Polyarthrite rhumatoïde, hépatite, sclérose en plaques… La voie sous-cutanée s’est invitée ces dernières années dans de plus en plus d’indications thérapeutiques. Il faut dire que cette galénique possède bien des vertus : « Son principal intérêt, c’est qu’elle est moins invasive que la voie intraveineuse qui est parfois difficile à mettre en place ou à maintenir, rappelle Emmanuel Forestier, chef du service maladies infectieuses et tropicales du centre hospitalier Métropole Savoie. Elle est également plus adaptée aux traitements courts et diminue le risque d’infections et de thromboses. » Le problème, c’est qu’elle n’a pas toujours été considérée comme un axe prioritaire par les laboratoires pharmaceutiques. « Dans la plupart des développements, la forme intraveineuse, plus simple et plus rapide à développer, est privilégiée », reconnaît Sylvain Huille, responsable de la coordination scientifique et de l’innovation chez Sanofi France.
Inverser la tendance
Mais la donne pourrait bientôt changer. Sous l’impulsion du Subcutaneous Drug Development & Delivery Consortium, créé il y a quatre ans, les grands laboratoires pharmaceutiques s’investissent dans la réalisation de médicaments sous-cutanés.

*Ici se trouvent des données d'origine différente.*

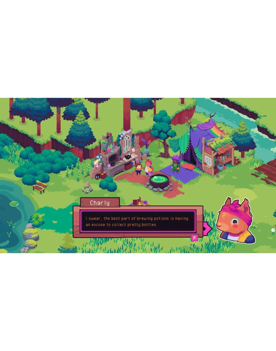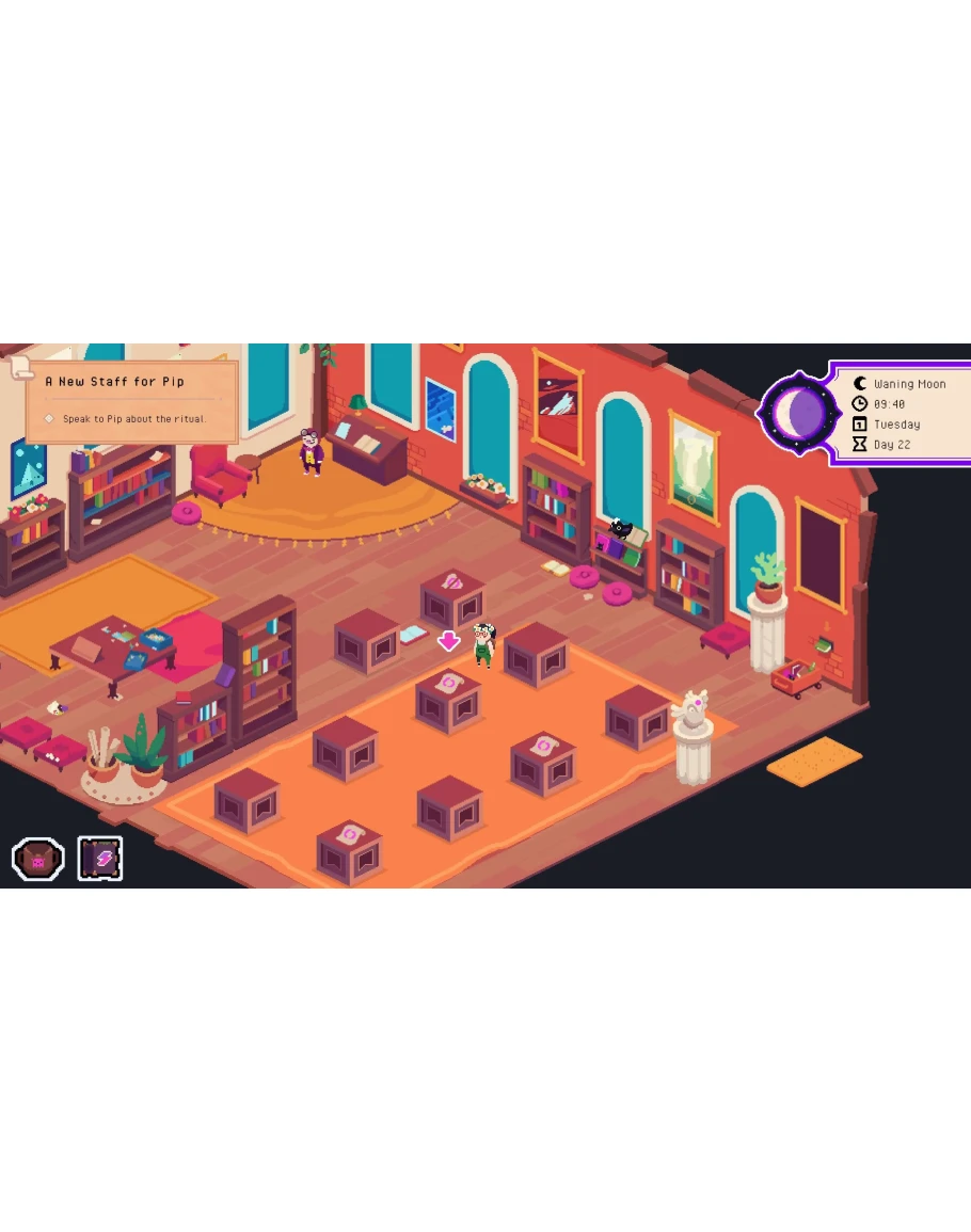Ritual of Raven is a cozy, story-based farming sim - but you don’t do the farming yourself! Instead, you collect and enchant Arcana Constructs to grow your magical herb garden. In a world where different traditions of magic live side by side, ambitious plans were made to open portals between worlds, but the ritual went terribly wrong. Those involved each lost something most precious to them, and the portals became unstable, randomly spitting out new arrivals into the world. After falling through one of these mysterious portals yourself, you encounter the local witch Sage, who decides you’re the best person to help her in her quest. Taken under her wing as an apprentice, you’ll be able to help search for her missing Familiar, Flufferstoop. With your cheeky Familiar Raven by your side, you’ll gather the knowledge and ingredients to perform powerful rituals. Fill your Book of Shadows and find the Portal Keepers to bring stability to the portals that have been causing trouble for the village. Enchanting Arcana Constructs Did you know, harvesting lavender with your hands completely destroys its magical properties? Fear not, that’s why Arcana Constructs are there to do all your magical gardening for you! Using a mystical deck of cards, you’ll be able to enchant them to plow, sow seeds, water, and harvest them for you. Collect all 22 Constructs and create a thriving herb garden. Meet your new neighbors Make friends with the quirky community of outcasts and help them grow closer to each other. Get to know their unique backstories and trade with them for valuable ingredients. Moon... Magic! Learn how your harvest changes in each moon phase and use the moon's power to charge your crystals. Discover how to command the moon phases to suit your needs at the moon shrine. There’s a lot more to the moon than meets the eye. Decorate your world After finding yourself in a brand-new land, it's important to make it feel as homely as possible. Take a trip to Pistachio’s and get creative with their stock of out-of-this-world furniture to decorate the village and your farm. Complete your collections Let your Construct extract and fuse lots of different crystals, fill the library, and throw your fishing claw into the portals to pull out artifacts from different worlds! From the developers who brought you Sticky Business! Funded by MFG Baden-Württemberg Ritual of Raven © Spellgarden Games, published under licence by Team17 Digital Limited.

Roche a ouvert la voie dès 2018 avec Hemlibra (emicizumab), un anticorps monoclonal bispécifique administré en traitement prophylactique pour prévenir ou réduire les saignements chez les patients atteints d’hémophilie A avec inhibiteur anti-facteur VIII et d’hémophilie A sévère sans inhibiteur. « Sa première vertu, c’est qu’il génère un équivalent de taux de facteur VIII entre 10 et 12 %, ce qui permet de rendre un profil d’hémophilie sévère en hémophilie mineure, se félicite Nicolas Giraud, président de l’Association française des hémophiles (AFH). Autre avantage : les injections se déroulent une fois par semaine, tous les 15 jours, où toutes les quatre semaines, alors qu’auparavant les hémophiles A devaient s’injecter du facteur VIII recombinant ou plasmatique deux à trois fois par semaine. »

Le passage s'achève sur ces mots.